The laser probe of the present invention is particularly well suited for a laser trabeculostomy procedure. During such a procedure, it is critical that the surgeon has a clear field of view within the eye, particularly of the anterior chamber angle where the cornea and the iris meet so that the position of the laser relative to the trabecular meshwork can be clearly visualized. A surgeon may guide the delivery tip of the fiber optic core of the laser probe through a corneal incision of the eye and towards the trabecular meshwork. The light emitting member emits a visible light signal within the eye and proximate to the delivery tip, thereby illuminating a field of view in which the surgeon can better visualize positioning of the delivery tip and subsequent transmission of laser energy upon the trabecular meshwork. By providing a laser probe with an integrated lighting member, illumination is provided internally (i.e., within the eye), as opposed to current procedures which rely on an external light source, and thus provides a much more comprehensive view within the eye and the improved view of the target location. By providing an improved view, a surgeon is able to better position the delivery tip relative to the trabecular meshwork so as to achieve optimal photoablation and channel formation in the meshwork and/or Schlemm's canal. In particular, the orientation and positioning of the delivery tip is critical when attempting to create optimal channel formation in the tissue, particularly when attempting to achieve transverse placement of channels in the meshwork relative to Schlemm's canal, which will provide optimal drainage. Furthermore, the surgeon is able to visually verify, with more confidence, the effectiveness of the laser treatment by visualizing drainage of the aqueous humor as a result of the laser treatment.

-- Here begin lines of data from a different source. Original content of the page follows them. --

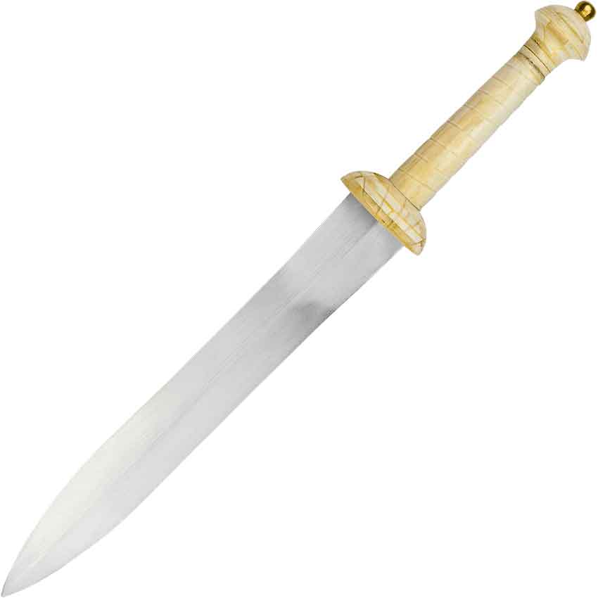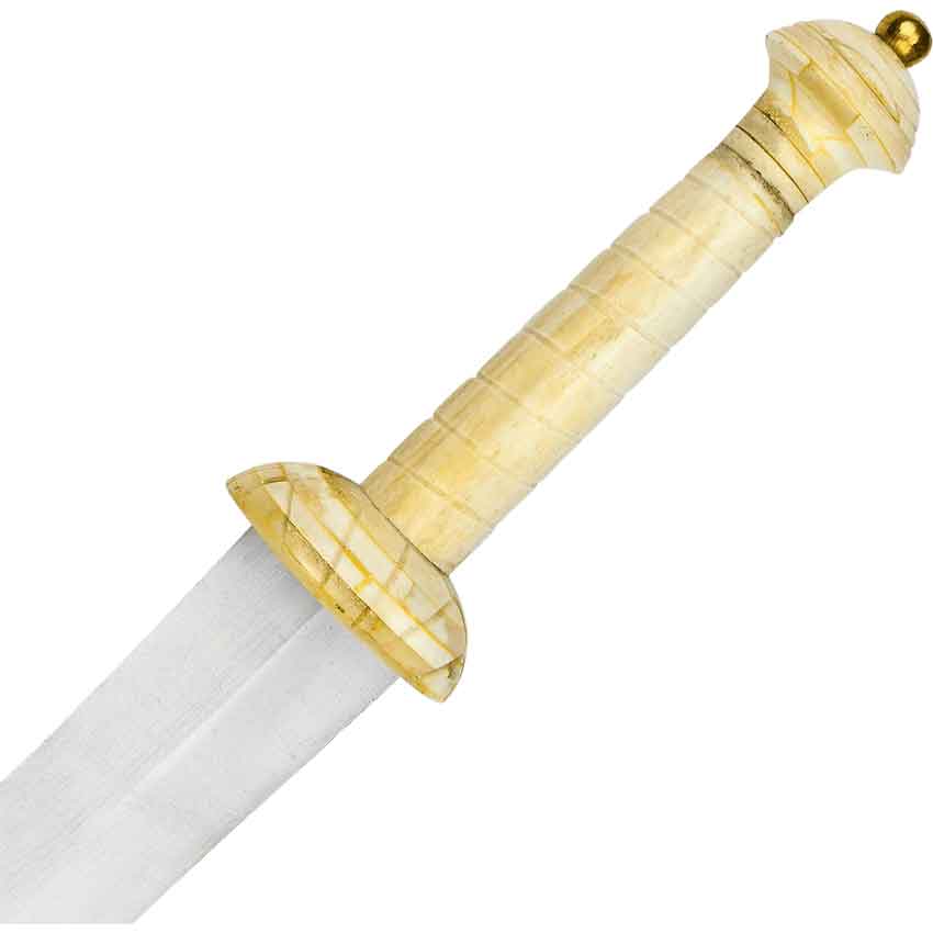 Perfectly suited to the brutal combat of the gladiatorial arenas, short stabbing weapons like this Bone Handled Gladiator Dolch were used by many a Roman gladiator. And as weapons, they also helped to ensure an exciting match for the spectators, too. By intentional design, the blade is left shorter than the average Roman gladius, which helped to make it easier to handle in untrained hands, while also ensuring the gladiators had to be much closer in fights (which made for a more exciting bout, to be sure). This short sword features a solid bone hilt with narrow groves to provide a solid grip, as well as a cup shaped guard for a modicum of defense when wielded. The blade is made from EN45 high-carbon steel and has been left unsharpened. The blade features a subtle leaf-blade shape, curving outwards slightly towards the tip before tapering into a sharp point, allowing it to deliver effective hacking and chopping blows as well as deadly thrusts. As gladiators typically carried their weapons into the arena, this sword lacks a scabbard or sheath of any kind. By no means was this the only weapon used by gladiators, but swords like this Bone Handled Gladiator Dolch were by the far the most common weapons used by gladiators, making them a great choice to add to any Roman gladiator ensemble, as well as a great display piece to include in your own décor or collection.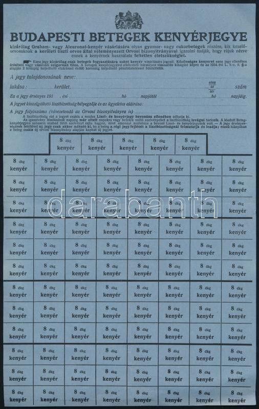 cca 1915 Budapesti Betegek Kenyérjegye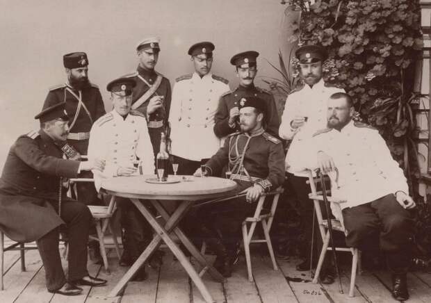 Великий князь цесаревич Николай Александрович и его друзья из Преображенского полка у полкового офицерского клуба в летнем лагере императорской гвардии в Красном Селе.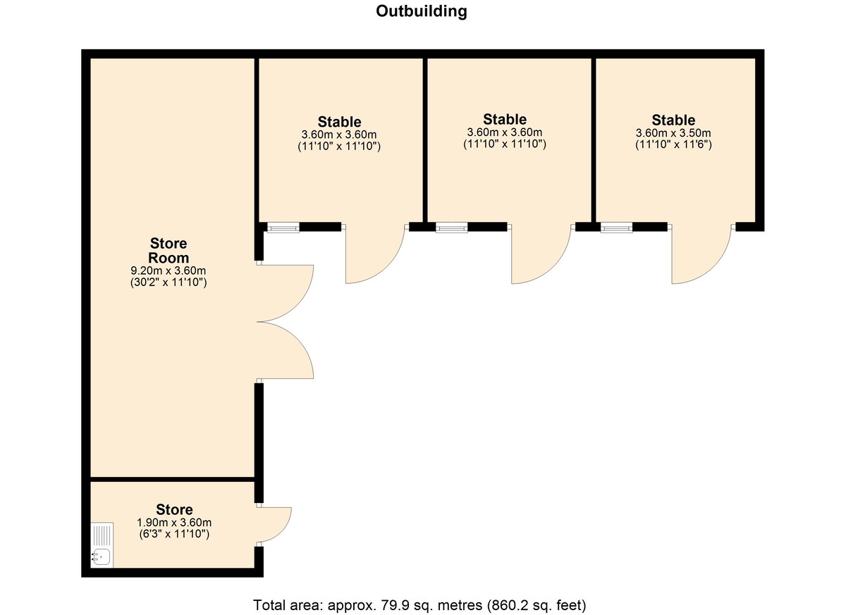 The two paddocks are positioned on either side of the L-shaped stable block, which includes the barn, tack room, and three stables.

One aspect of the present invention provides an excimer laser probe for performing an intraocular procedure. The intraocular procedure may include a laser trabeculostomy and thus the target tissue includes trabecular meshwork and/or Schlemm's canal. However, it should be noted that a laser probe consistent with the present disclosure can be used in any laser treatment of eye conditions, including, but not limited to, diabetic eye diseases, such as proliferative diabetic retinopathy or macular oedema, cases of age-related macular degeneration, retinal tears, and retinopathy of prematurity, and laser-assisted in situ keratomileusis (LASIK) to correct refractive errors, such as short-sightedness (myopia) or astigmatism.
The laser probe includes a fiber optic core comprising a proximal end couplable to an excimer laser source and a distal end comprising a delivery tip for transmitting laser energy from said excimer laser source to a target tissue for treatment thereof. The laser probe further includes an illumination member for providing illumination in a field of view proximate to said delivery tip of said fiber core.
In some embodiments, the illumination member comprises an optical fiber for receipt of a light signal from an illumination source. The illumination source provides a light signal within the visible light spectrum. Accordingly, the illumination source may include, but is not limited to, an incandescent light source, a fluorescent light source, a halogen light source, a high-intensity discharge light source, a metal halide light source, and a light emitting diode (LED) light source.
In some embodiments, the optical fiber is coaxially aligned with the fiber core. In other embodiments, the optical fiber is adjacent to the fiber core. The laser probe further includes an outer jacket surrounding the optical fiber and fiber core.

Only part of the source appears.